Slowly, like a curious prey, I skulk across the dim room to the window and peer out into the darkness. Long in height, the rectangular hole in the stone is only as wide as the length of two splayed out hands side by side. I stretch mine up to the gap, thumbs touching, my end fingers just skimming rock. Between my skeletal fingers the moon peers through, its white glow turning my sickly pale skin into an almost transparent blue. For a moment, I think I can glance right through to the bone, seeing all their indentations. I snatch my hands away.
From the time the moon takes ownership of the sky are my most despised hours. The darkness makes the room feel even smaller. The shadows that surround me are devious, they slowly push in the walls, bit by bit, when they think I’m not looking. There have been days where I believed them to be closing in before my eyes, and I passed out from the panic and fear that had smothered my face before they could reach me.
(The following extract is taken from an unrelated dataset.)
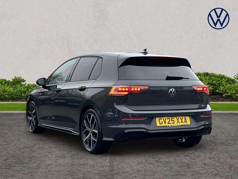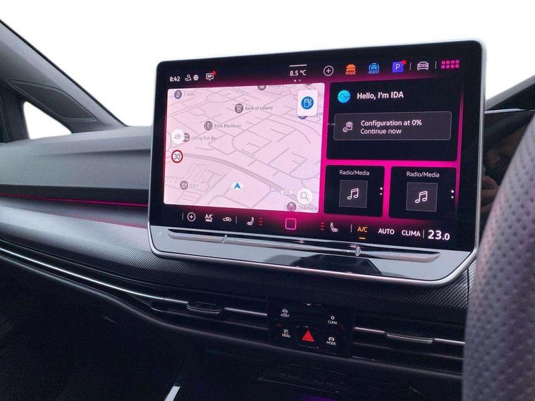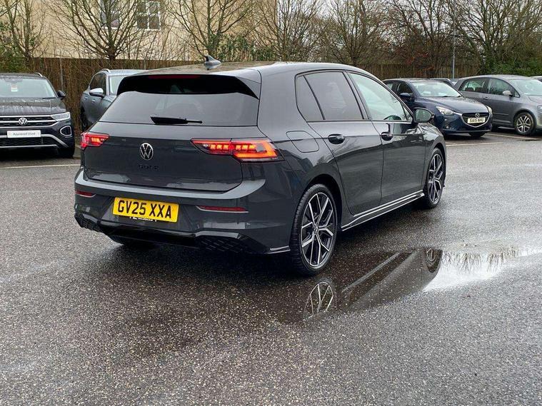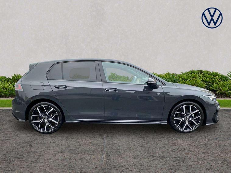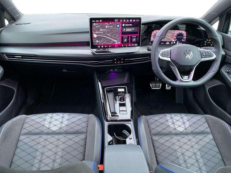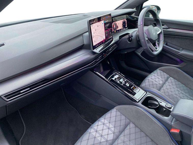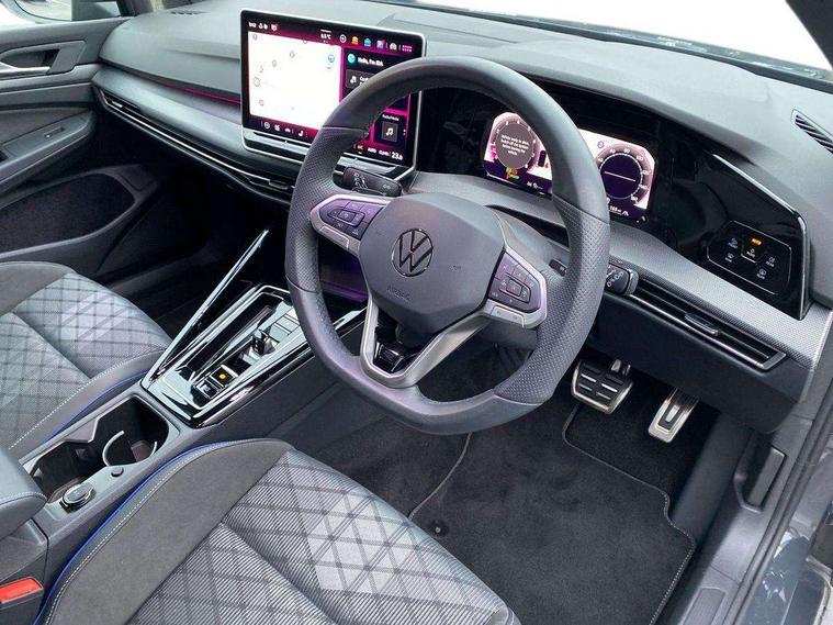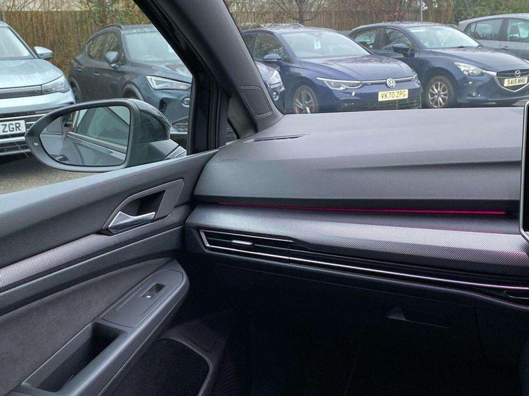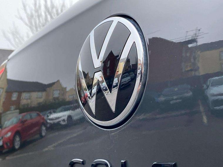 Activated carbon canister, Adaptive cruise control (ACC), Advanced driver attention and drowsiness monitor, Dynamic road sign display, Dynamic steering, E-Sim card for online connectivity, eCall emergency call system, Multi-color Digital cockpit pro, selection of different info profile possible, Multifunction front facing camera for distance control, Navigation system, Oncoming vehicle braking when turning including swerve support, Speed limiter, Speedo, rev counter, electronic odometer, trip, service interval display, exterior temperature and fuel gauge, Traffic jam assist, Voice enhancer and voice control, Warning signal and warning light for front and rear seatbelts not fastened, We connect plus preparation, We connect preparation, Wireless app connect, Hybrid propulsion system, Petrol Particulate Filter, Start-stop system with battery regeneration (recuperation - energy recovery during braking), XDS electronic differential lock for improved traction and handling, 2 USB C ports in front, 2 USB charging sockets on the centre console in the rear charging capacity upto 45W, Digital radio reception (DAB), Diversity antenna for FM reception, Gaming platform via car app, Infotainment system with 12.9" display, Mobile phone interface with inductive charging feature, 3rd brake light, Auto dimming rear view mirror, Automatic headlamp activation with Coming home and Leaving home feature, Body colored bumpers in R-Line style, Body colour door handles, Exterior ambient lighting, Exterior mirrors convex on the left and aspherical on the right, Front and rear electric windows, Heat insulating windshield made of laminated glass, LED separate daytime running light, Rain sensor, Rear exhaust tailpipe, Rear fog light on one side and reversing lights on both sides, Rear side wing doors, Rear windscreen washer and wiper with interval delay, Remote electrically foldable door mirrors, puddle lights and reverse activated passenger's door mirror, Volkswagen logo in front, illuminated lighting animation with wake up/goodbye scenario and illuminated door handles, Welcome light with surround lighting, 12V socket in front centre console, 12V socket in luggage compartment, 3 rear head restraints, 3 seat bench in 2nd row, Ambient lighting with 30 colour including LED light unit in front footwell with selectable light colour, Black roof lining, Brushed stainless steel pedals, Chrome plated radiator grille inserts, air vent surrounds and light switch surrounds, Door insert, side trim panel and arm support in leatherette, Front + rear black carpet mats, Front centre armrest, Front seat lumbar support adjuster, Integrated front head restraints, ISOFIX anchors for child seats on outer rear bench seats and on front passanger seat compatible for i-Size, Luggage compartment lighting, Manual height adjustable front passenger seat, Manually height adjustable driver seat, Plastic gear knob, Premium sports seats in front, Rear cupholder and loadthough, Sardegna cloth upholstery with front and outer rear seats Art Velour inner sides of bolsters, Single front passenger seat, Split folding backrest with centre armrest and unsplit rear seat bench, Sun visors with illuminated vanity mirrors, Titanium black instrument panel, Black exterior Styling package with Matrix LED headlights - Golf, Winter package - Golf DSG Estate/Hatchback, 3 point height adj front seatbelts + pretensioners, 3 rear three point seatbelts, ABS, Autonomous emergency braking front assist with pedestrian and cyclist monitoring, Child locks on rear doors, Driver and front passenger airbag with front passenger airbag deactivation, Electronic parking brake with auto hold, ESC (Electronic Stability Control), Extended pedestrian protection measures, Hill start assist, Rear disc brakes, Two tone horn, Tyre pressure loss indicator, Volkswagen roadside assistance, Anti theft wheel bolts, Preparation for alcohol interlock, Decorative inserts carbon grey for dashboard and front door trim panels, 18" Leeds alloy wheels, Tool kit for tyre mobility set, Tyre mobility kit Includes 12V compressor and tyre sealant,

Now I’m suspicious of their lurking.
I step away from the window to let in more light and begin to pace the length of the room. In a short time, I know she will be here. She always appears not long after the arrival of the moon. The minutes often unnerve me, and as I wait I scratch and pick at the ends of my sleeves. My feet are now familiar with the uneven ground, the skin on my soles is now painfully accustomed to my endless pacing. My satin shoes did not survive long, they fell away without my noticing. One day I turned to find they were three steps behind me. I continue walking, occasionally sneaking a peek of outside.
Time presses on, and a cold apprehension grows to wrap around my nervous mind. I pace and pace and pace, wondering when the woman will return. My hands find my hair and grip at the strands, winding it round and round in fists as I mumble out my worries. The third time I peer down to the shadows of the ground I see movement and I clench all over. A dark figure is walking my way, the moon giving light like a path. I watch her march over, her movements so sure, and I track her steps until she leaves my sight.
It’s quiet for a moment, and I wait for her to search for the ladder she keeps hidden close by. There’s silence from the ground, and then a steel object suddenly appears from the dark, glinting in the moonlight as it swings up to meet me. It crashes hard with the wall. I scuttle back into the shadows of the room and wait, head down and eyes peering through the knotted fall of my matted hair. It’s painful to endure the crackling sound of each step on the ladder as it groans under her heavy weight. I watch the metal shift with her steps, grating the rock of the ledge. A silhouette appears, but I am unable to make out their features. An arm is revealed as it throws in a single bag that makes a quiet thud as it drops to the floor. The contents spill out and scatter into the dark. The ghost of her arm is projected across the room, and as she retracts it, the long thick line slides out of the light like a snake retreating. After a pause, the groans begin once more as she descends back down, each one getting quieter until they are nothing but muffled protests in the distance. The steel object passes the light one final time, and noise once again becomes imagined.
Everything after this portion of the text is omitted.